__WORK TASK__.
Below, find the line containing "Se realiza mediante" and the line containing "John Dickson &"; reproduce exactly those two and every line between them, omitting pictures.

[Items from a data source]
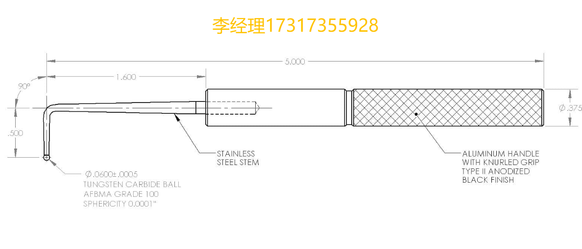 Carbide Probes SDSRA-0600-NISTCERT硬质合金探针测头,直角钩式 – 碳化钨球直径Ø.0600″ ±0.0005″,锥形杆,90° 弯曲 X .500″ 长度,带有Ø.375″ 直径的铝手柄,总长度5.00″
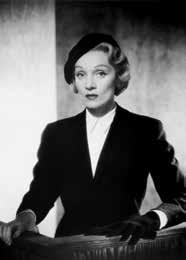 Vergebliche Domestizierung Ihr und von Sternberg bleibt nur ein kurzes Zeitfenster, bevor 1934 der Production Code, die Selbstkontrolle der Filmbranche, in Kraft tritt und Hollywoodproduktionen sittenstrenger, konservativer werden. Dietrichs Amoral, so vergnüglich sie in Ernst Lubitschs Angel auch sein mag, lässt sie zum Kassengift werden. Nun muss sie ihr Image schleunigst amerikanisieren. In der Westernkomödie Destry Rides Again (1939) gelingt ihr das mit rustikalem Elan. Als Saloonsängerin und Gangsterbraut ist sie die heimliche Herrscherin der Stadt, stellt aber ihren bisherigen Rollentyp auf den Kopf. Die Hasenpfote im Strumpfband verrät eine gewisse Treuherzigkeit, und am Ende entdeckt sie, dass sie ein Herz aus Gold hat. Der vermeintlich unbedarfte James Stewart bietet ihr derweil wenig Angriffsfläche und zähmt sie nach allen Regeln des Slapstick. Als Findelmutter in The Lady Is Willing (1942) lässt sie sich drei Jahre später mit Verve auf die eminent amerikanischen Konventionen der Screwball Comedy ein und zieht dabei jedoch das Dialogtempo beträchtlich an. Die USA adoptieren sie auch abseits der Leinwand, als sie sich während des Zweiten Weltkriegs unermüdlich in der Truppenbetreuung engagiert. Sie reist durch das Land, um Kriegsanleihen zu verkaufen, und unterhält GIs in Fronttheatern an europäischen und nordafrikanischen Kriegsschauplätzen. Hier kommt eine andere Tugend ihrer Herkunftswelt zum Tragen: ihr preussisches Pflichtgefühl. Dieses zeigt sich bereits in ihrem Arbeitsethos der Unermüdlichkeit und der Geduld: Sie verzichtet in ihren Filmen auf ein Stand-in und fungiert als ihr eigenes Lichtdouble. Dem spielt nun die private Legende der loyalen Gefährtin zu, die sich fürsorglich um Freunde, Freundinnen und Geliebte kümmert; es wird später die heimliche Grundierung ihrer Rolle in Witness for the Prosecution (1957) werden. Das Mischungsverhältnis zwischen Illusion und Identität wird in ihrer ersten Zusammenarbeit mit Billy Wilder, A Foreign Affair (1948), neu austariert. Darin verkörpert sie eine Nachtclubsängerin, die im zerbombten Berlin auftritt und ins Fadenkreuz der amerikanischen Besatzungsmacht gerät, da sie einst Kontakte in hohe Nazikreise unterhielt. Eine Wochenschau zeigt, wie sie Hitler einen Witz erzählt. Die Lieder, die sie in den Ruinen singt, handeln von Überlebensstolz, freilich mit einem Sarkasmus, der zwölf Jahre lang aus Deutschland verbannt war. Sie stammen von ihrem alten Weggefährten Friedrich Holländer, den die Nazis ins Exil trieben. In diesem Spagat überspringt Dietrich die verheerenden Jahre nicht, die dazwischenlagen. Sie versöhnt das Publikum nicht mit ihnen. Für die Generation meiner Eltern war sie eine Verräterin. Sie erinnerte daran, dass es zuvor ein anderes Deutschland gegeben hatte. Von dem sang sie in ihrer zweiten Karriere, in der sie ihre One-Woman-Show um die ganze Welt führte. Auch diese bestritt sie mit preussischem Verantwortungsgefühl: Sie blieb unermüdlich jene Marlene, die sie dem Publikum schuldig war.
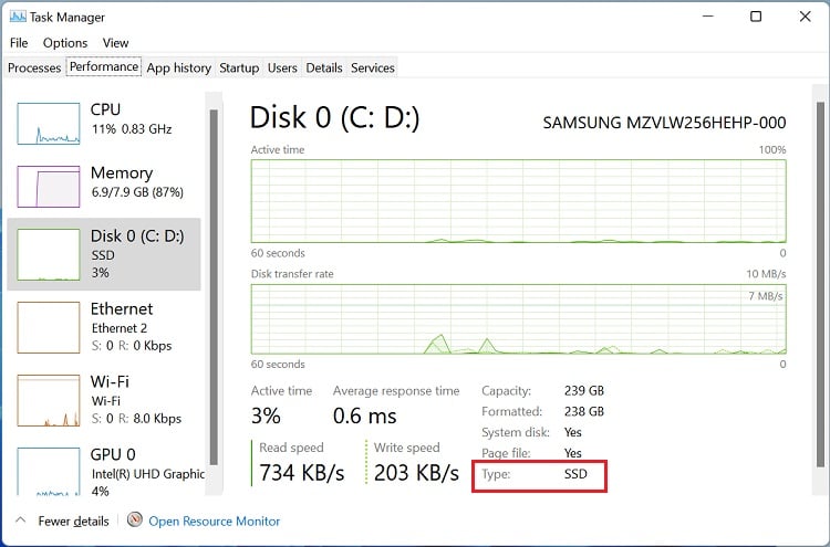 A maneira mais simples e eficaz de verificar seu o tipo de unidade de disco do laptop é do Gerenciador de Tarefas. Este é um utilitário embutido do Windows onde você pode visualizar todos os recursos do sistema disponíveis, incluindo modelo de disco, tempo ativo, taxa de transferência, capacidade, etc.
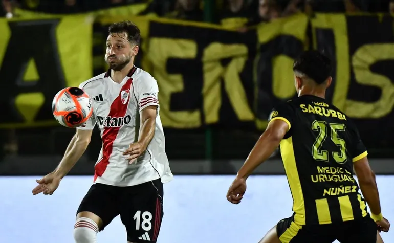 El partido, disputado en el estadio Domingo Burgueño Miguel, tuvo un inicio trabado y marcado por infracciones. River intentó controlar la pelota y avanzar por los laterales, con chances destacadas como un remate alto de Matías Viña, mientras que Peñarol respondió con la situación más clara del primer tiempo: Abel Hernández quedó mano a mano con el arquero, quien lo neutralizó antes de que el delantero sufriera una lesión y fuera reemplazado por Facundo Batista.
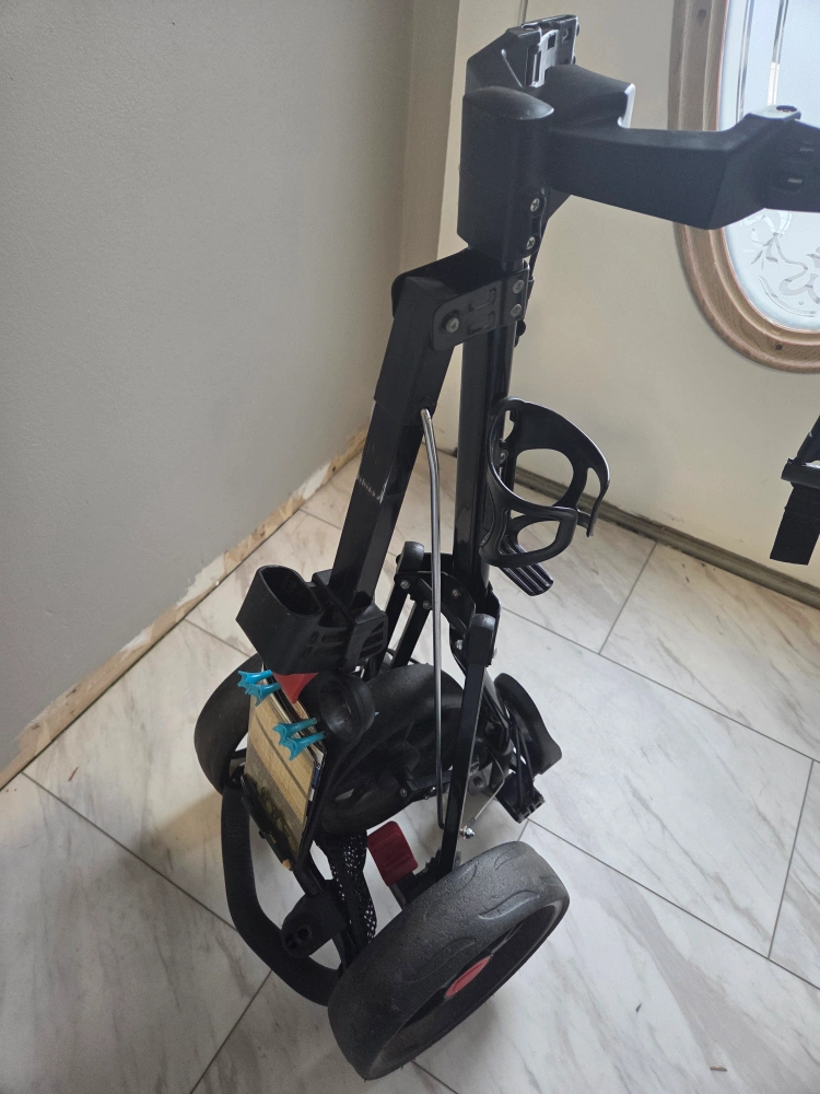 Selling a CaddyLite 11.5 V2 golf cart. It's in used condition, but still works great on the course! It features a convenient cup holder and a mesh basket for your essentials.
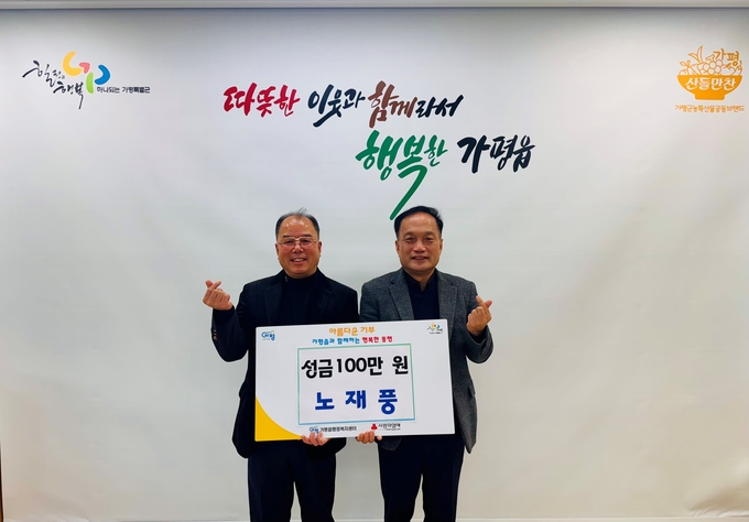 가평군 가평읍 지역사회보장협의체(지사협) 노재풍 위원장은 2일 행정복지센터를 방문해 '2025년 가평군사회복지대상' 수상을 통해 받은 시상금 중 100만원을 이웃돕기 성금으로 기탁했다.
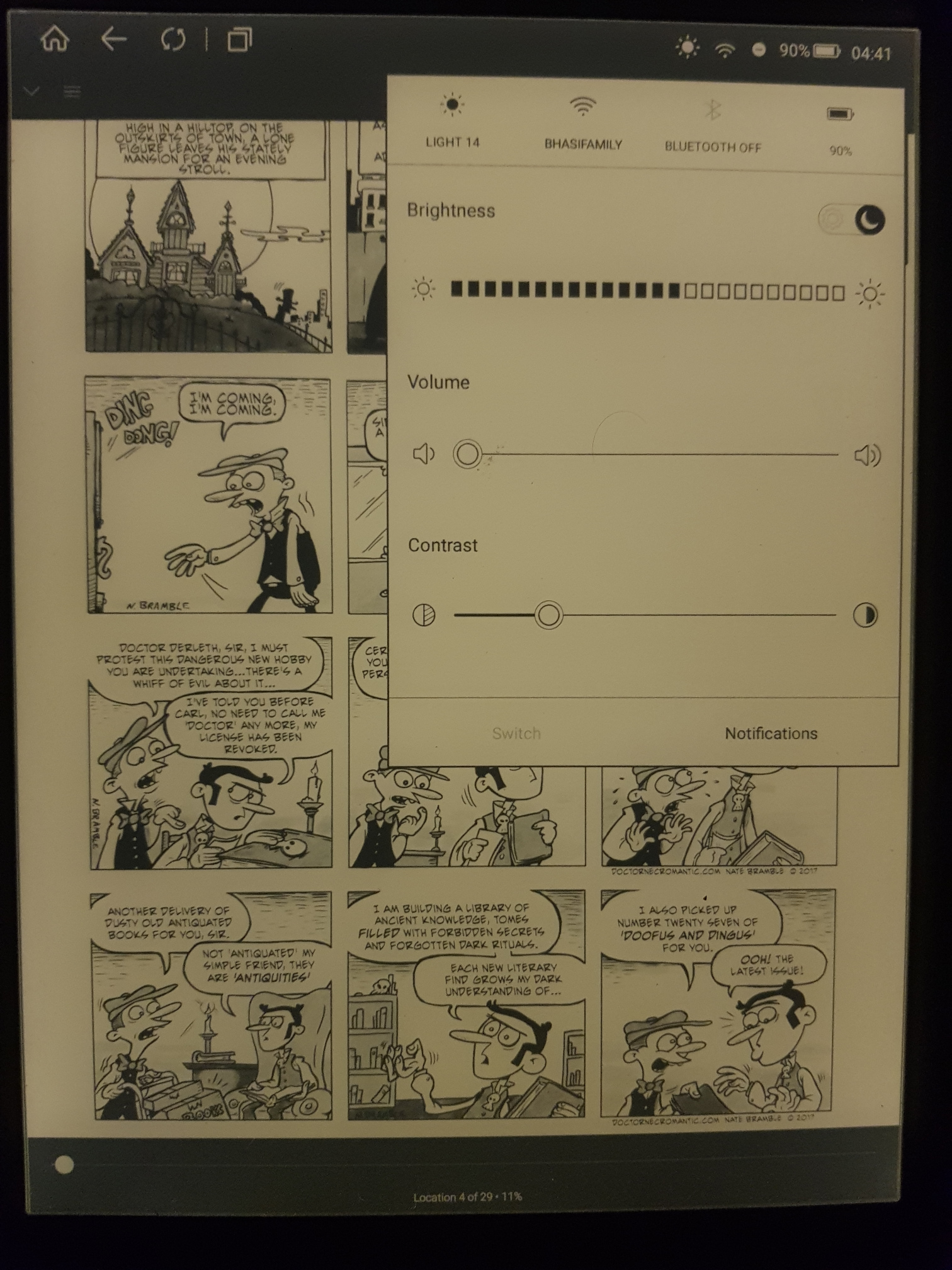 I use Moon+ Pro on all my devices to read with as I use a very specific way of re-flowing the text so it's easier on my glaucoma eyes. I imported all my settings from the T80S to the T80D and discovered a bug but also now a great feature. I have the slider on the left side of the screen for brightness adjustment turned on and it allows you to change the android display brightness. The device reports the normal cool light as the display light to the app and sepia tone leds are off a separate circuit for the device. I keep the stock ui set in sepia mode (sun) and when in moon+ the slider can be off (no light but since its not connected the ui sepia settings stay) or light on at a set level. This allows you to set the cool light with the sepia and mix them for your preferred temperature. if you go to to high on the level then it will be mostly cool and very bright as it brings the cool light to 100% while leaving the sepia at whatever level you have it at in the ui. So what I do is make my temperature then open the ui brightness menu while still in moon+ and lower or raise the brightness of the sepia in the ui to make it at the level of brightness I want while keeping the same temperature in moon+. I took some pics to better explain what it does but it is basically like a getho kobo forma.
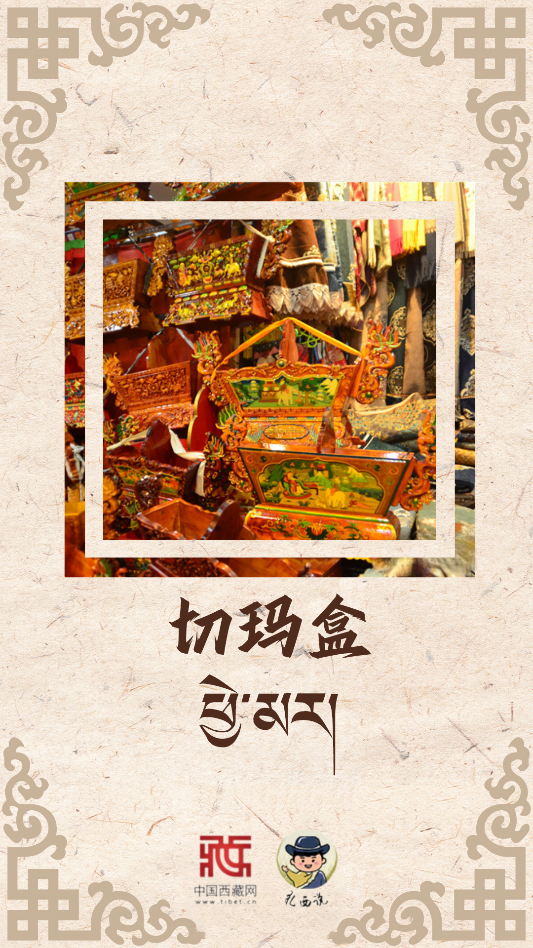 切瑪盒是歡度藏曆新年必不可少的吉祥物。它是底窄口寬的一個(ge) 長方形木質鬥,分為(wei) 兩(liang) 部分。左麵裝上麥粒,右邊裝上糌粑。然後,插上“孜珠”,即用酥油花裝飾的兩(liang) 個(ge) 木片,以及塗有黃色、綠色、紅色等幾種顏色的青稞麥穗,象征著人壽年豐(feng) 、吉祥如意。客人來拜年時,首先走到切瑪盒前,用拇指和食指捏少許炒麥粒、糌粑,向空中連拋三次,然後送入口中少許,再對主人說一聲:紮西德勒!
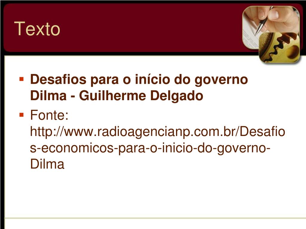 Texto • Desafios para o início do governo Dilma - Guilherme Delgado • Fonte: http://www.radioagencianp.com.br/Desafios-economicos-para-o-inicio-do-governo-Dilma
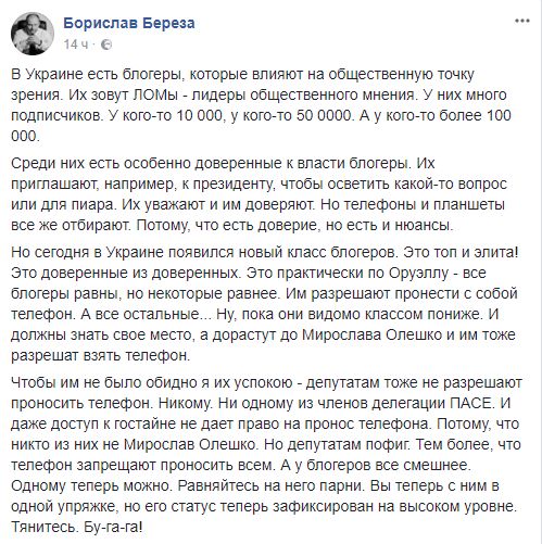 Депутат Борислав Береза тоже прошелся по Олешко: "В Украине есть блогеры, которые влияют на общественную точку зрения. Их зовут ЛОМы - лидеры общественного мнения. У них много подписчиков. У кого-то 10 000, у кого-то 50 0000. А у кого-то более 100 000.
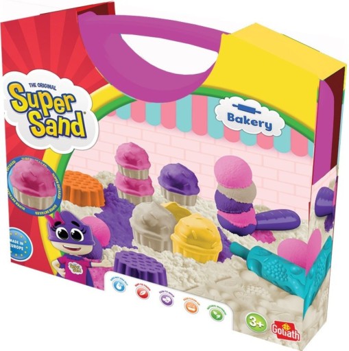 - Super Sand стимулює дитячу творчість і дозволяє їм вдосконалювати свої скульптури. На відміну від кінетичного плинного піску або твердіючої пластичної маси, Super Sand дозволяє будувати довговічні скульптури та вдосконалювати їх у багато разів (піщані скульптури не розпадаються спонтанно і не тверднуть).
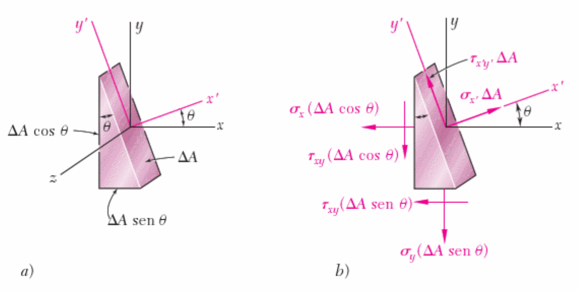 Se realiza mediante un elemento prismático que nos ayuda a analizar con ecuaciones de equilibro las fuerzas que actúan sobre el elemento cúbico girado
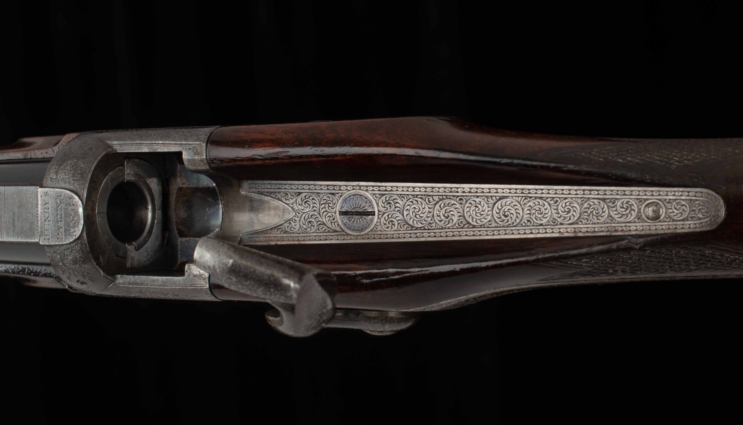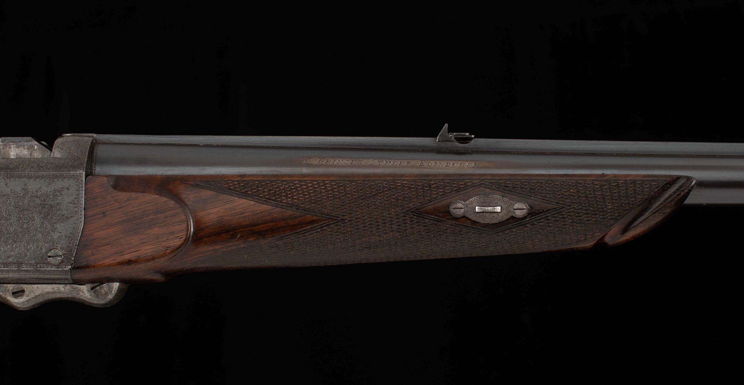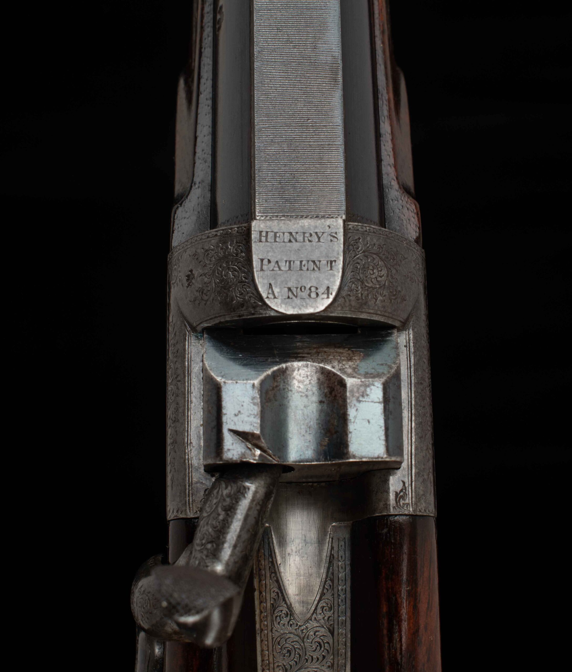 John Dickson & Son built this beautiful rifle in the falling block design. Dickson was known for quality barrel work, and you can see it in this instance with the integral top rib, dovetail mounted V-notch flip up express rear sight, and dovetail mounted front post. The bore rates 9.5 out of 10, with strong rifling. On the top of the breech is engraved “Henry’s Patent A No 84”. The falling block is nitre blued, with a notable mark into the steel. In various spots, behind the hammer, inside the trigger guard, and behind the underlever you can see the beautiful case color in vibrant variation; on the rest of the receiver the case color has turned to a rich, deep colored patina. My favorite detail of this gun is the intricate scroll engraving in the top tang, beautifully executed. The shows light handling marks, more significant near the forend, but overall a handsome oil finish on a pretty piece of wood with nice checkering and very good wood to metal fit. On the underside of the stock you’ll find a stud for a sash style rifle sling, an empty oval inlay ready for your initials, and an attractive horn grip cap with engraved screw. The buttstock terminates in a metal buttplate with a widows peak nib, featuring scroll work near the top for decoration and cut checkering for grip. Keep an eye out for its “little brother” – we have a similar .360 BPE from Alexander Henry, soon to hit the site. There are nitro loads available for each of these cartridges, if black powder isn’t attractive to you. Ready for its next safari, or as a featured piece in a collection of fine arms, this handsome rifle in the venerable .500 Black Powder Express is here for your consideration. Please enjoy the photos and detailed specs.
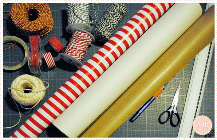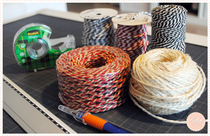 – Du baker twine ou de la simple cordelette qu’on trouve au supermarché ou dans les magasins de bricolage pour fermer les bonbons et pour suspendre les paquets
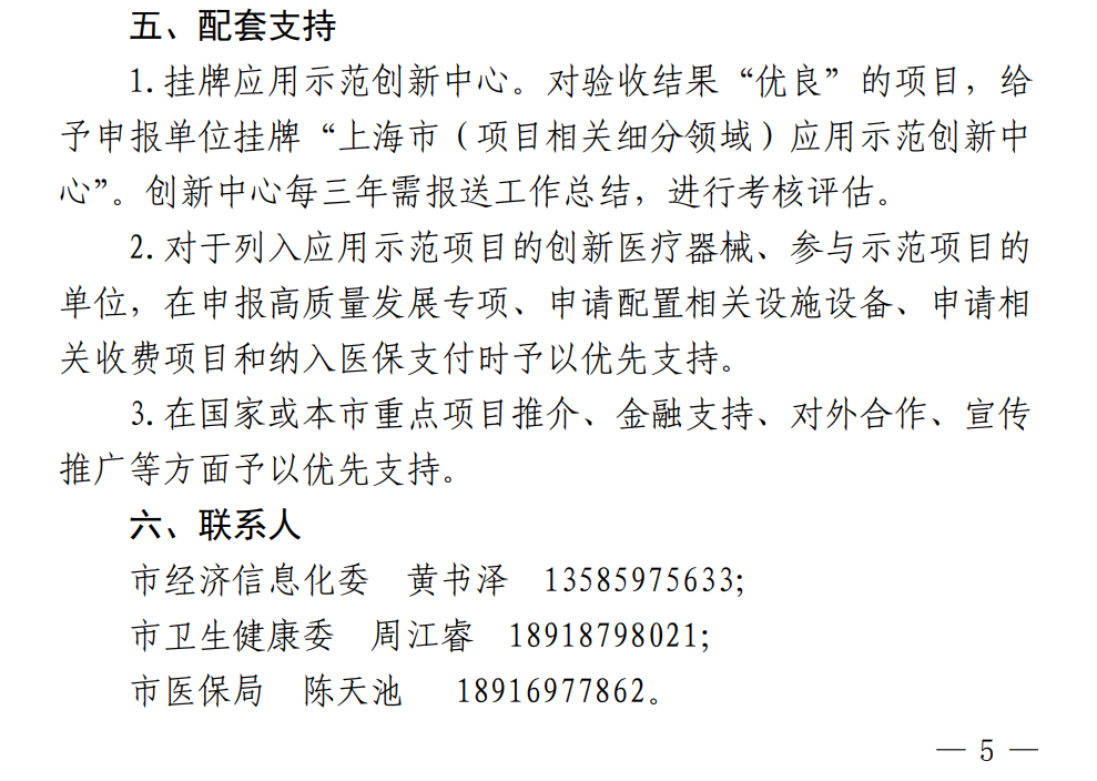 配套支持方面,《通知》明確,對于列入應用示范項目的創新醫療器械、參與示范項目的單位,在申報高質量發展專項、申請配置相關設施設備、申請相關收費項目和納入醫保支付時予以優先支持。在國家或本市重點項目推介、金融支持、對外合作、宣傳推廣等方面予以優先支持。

__RESULT FOR THIS TASK__.
 Se realiza mediante un elemento prismático que nos ayuda a analizar con ecuaciones de equilibro las fuerzas que actúan sobre el elemento cúbico girado
 John Dickson & Son built this beautiful rifle in the falling block design. Dickson was known for quality barrel work, and you can see it in this instance with the integral top rib, dovetail mounted V-notch flip up express rear sight, and dovetail mounted front post. The bore rates 9.5 out of 10, with strong rifling. On the top of the breech is engraved “Henry’s Patent A No 84”. The falling block is nitre blued, with a notable mark into the steel. In various spots, behind the hammer, inside the trigger guard, and behind the underlever you can see the beautiful case color in vibrant variation; on the rest of the receiver the case color has turned to a rich, deep colored patina. My favorite detail of this gun is the intricate scroll engraving in the top tang, beautifully executed. The shows light handling marks, more significant near the forend, but overall a handsome oil finish on a pretty piece of wood with nice checkering and very good wood to metal fit. On the underside of the stock you’ll find a stud for a sash style rifle sling, an empty oval inlay ready for your initials, and an attractive horn grip cap with engraved screw. The buttstock terminates in a metal buttplate with a widows peak nib, featuring scroll work near the top for decoration and cut checkering for grip. Keep an eye out for its “little brother” – we have a similar .360 BPE from Alexander Henry, soon to hit the site. There are nitro loads available for each of these cartridges, if black powder isn’t attractive to you. Ready for its next safari, or as a featured piece in a collection of fine arms, this handsome rifle in the venerable .500 Black Powder Express is here for your consideration. Please enjoy the photos and detailed specs.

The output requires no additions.